Looking out and back
I have been an obnoxious person. If I have learned nothing else in life, at least I learned that lesson.
When I was 15 I was presented with a prize on my school’s speech day. It was a book on astronomy, how I won it, I have no recall. What I recall is going to one of the teachers afterwards, brusquely commenting “This is no good to me”, and handing the book back.
Even at the time it was considered stupid and arrogant. My classmates, whom I must have thought would have been impressed, looked at me with puzzlement. “Ginger” Stephens said, “What did you do that for?” Meeting my parents to leave for home when I had collected my bags, my mother asked me what the book was, I felt stupid telling her that I had given it back.
Ever since that moment, the mention of astronomy has stirred feelings of guilt.

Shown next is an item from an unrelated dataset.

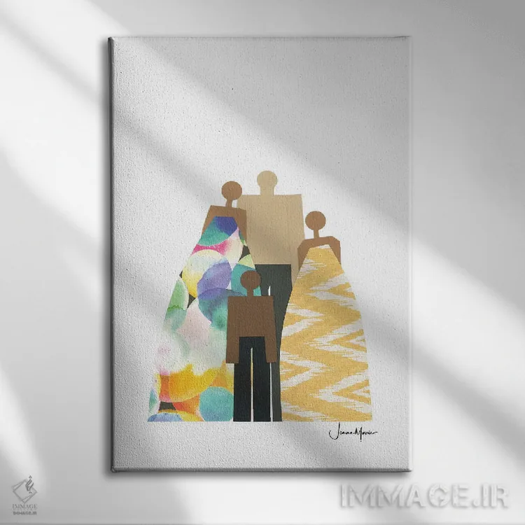 بوم گالری ایماژ نسخهی چیدماناتیوِ باکیفیت از یک اثر هنری است؛ روی کنواس سفیدِ یکدست و بدون اسید با فرآیند چاپ حرفهای جیکلی (Giclée) و کنترل دقیق تونها با جوهرهای آرشیویِ حرفهای برای لایههای رنگی خواناتر؛ حس نهایی نزدیکتر به ارائهی گالریوار است؛ نه صرفاً یک تصویر. اسمبل تمیز و آمادهی نصب؛ کشیدگی استاندارد روی کلاف و یراق مناسب.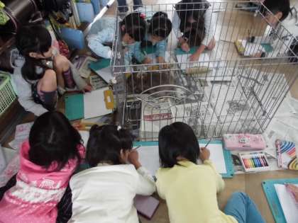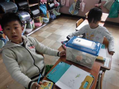 国語科の「しらせたいな、見せたいな」の学習では,学校にいる生き物を家族や友だちに知らせるために,絵をかいたり,文で説明したりする学習です。

The idea of astronomy has always fascinated me, the confrontation of infinity seemed a far more significant thing to do than the worldly preoccupations of most people. Who cares who has won Big Brother when even being President of the United States is a totally insignificant and trivial matter? But every time I looked at one of those astronomy books, it took me back to that moment in 1975.
Receiving a small legacy earlier this year, I tried to decide how to spend it. I wanted to buy something significant because the money had come from someone who was very significant for me. Finally, I decided what I would buy, something that would be about significant things – last Saturday, I bought a telescope.
Last night, at 11 pm, there was the first clear sky for days. I still hadn’t a clue how to use the thing, but I got the telescope out into the back yard and just pointed it at anything I saw. A single light in the sky turned out to be two lights – one a pale red and the other white. It had taken forty-five minutes to get that far, (I discovered that I had fitted upside down the little scope on the side of the telescope with which you are meant to line it up so as to see things!).
I went inside to drink my hot chocolate contentedly. I had seen something, I had no idea what, but infinity had been confronted, and, more to the point, the ghost of speech day 1975 had been laid.